WHAT TO PRODUCE ->
Beginning at the top of the data below, restate every line word for word until the line containing "Kedi Köpek Tüy" has been included, and omit the pictures.

GIVEN INFORMATION ->
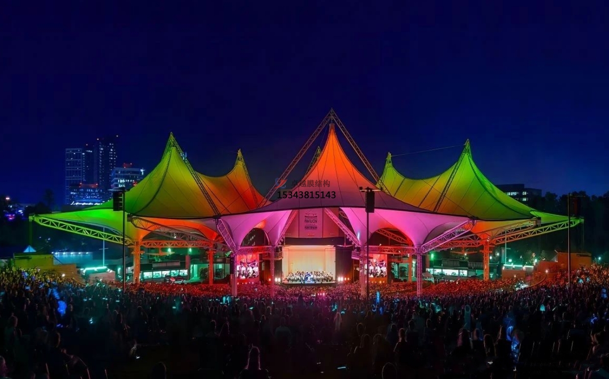 膜結(jié)構(gòu)景觀的膜材料可以透光或反射光線,創(chuàng)造出豐富的光影效果,使得建筑物在不同的時(shí)間和角度呈現(xiàn)出不同的視覺(jué)效果。膜結(jié)構(gòu)景觀常用的膜材料是PTFE膜材料和PVC膜材料。膜結(jié)構(gòu)景觀棚具有優(yōu)異的抗拉強(qiáng)度和耐候性能,能夠承受風(fēng)力和其他天氣因素的沖擊。
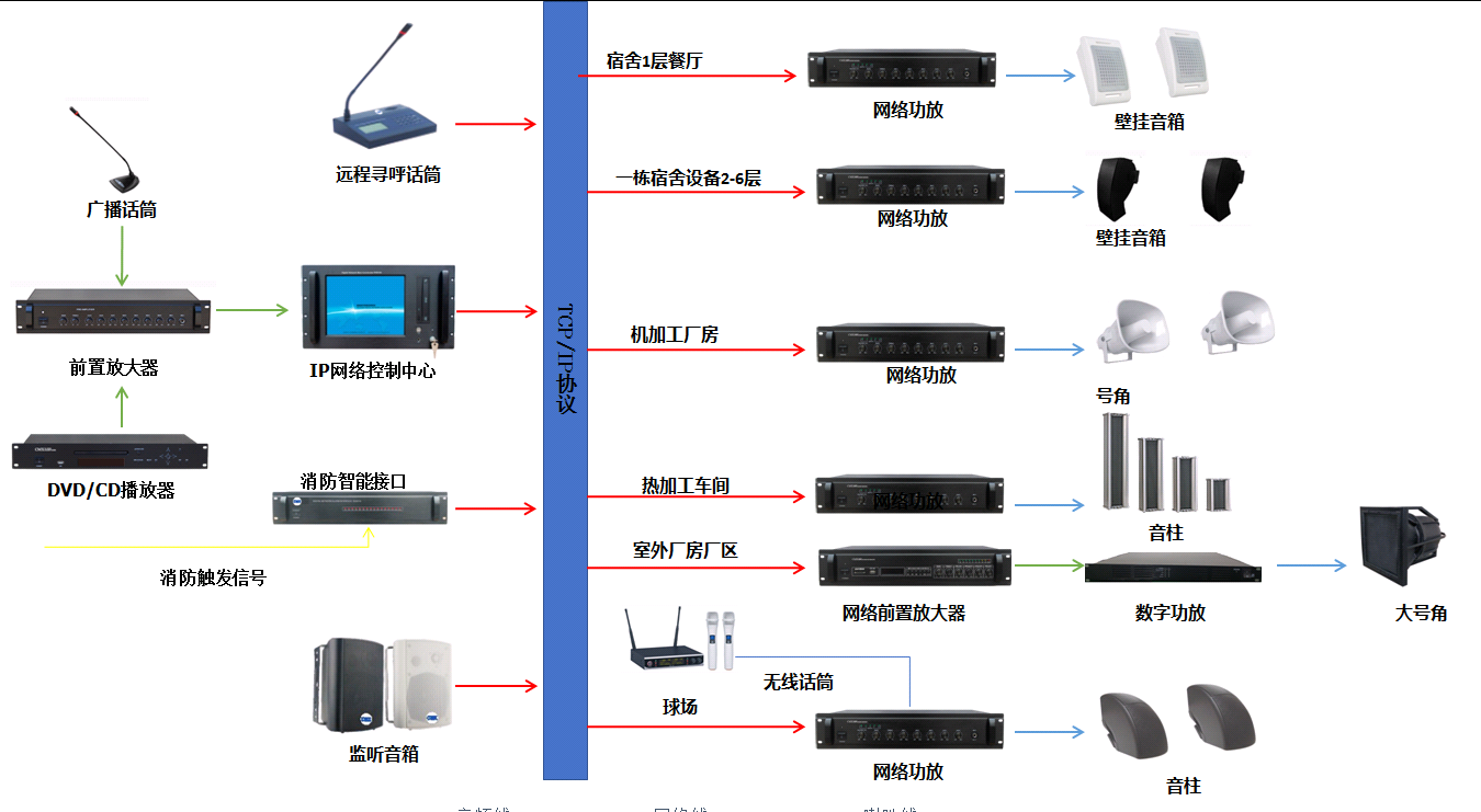 该广播系统在该方案中可在划分为区域中单独广播或全区广播。
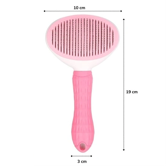 Kedi Köpek Tüy Toplayıcı Kendini Temizleyebilen Ergonomik Saplı Evcil Hayvan Tarağı Pembe (5365)
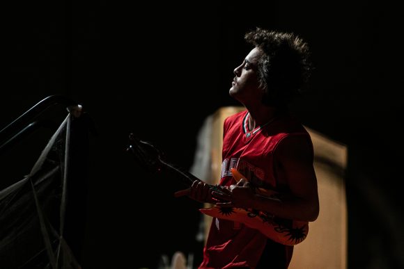 Drag performer King Vaughnz Spanic played a blow up electric guitar during his performance from High School Musical as Troy Bolton. Taken in the Glen Miller Ballroom in Boulder on Sunday, Oct. 25, 2022. (Io Hartman/CU Independent)

OUTPUT ->
 膜結(jié)構(gòu)景觀的膜材料可以透光或反射光線,創(chuàng)造出豐富的光影效果,使得建筑物在不同的時(shí)間和角度呈現(xiàn)出不同的視覺(jué)效果。膜結(jié)構(gòu)景觀常用的膜材料是PTFE膜材料和PVC膜材料。膜結(jié)構(gòu)景觀棚具有優(yōu)異的抗拉強(qiáng)度和耐候性能,能夠承受風(fēng)力和其他天氣因素的沖擊。
 该广播系统在该方案中可在划分为区域中单独广播或全区广播。
 Kedi Köpek Tüy Toplayıcı Kendini Temizleyebilen Ergonomik Saplı Evcil Hayvan Tarağı Pembe (5365)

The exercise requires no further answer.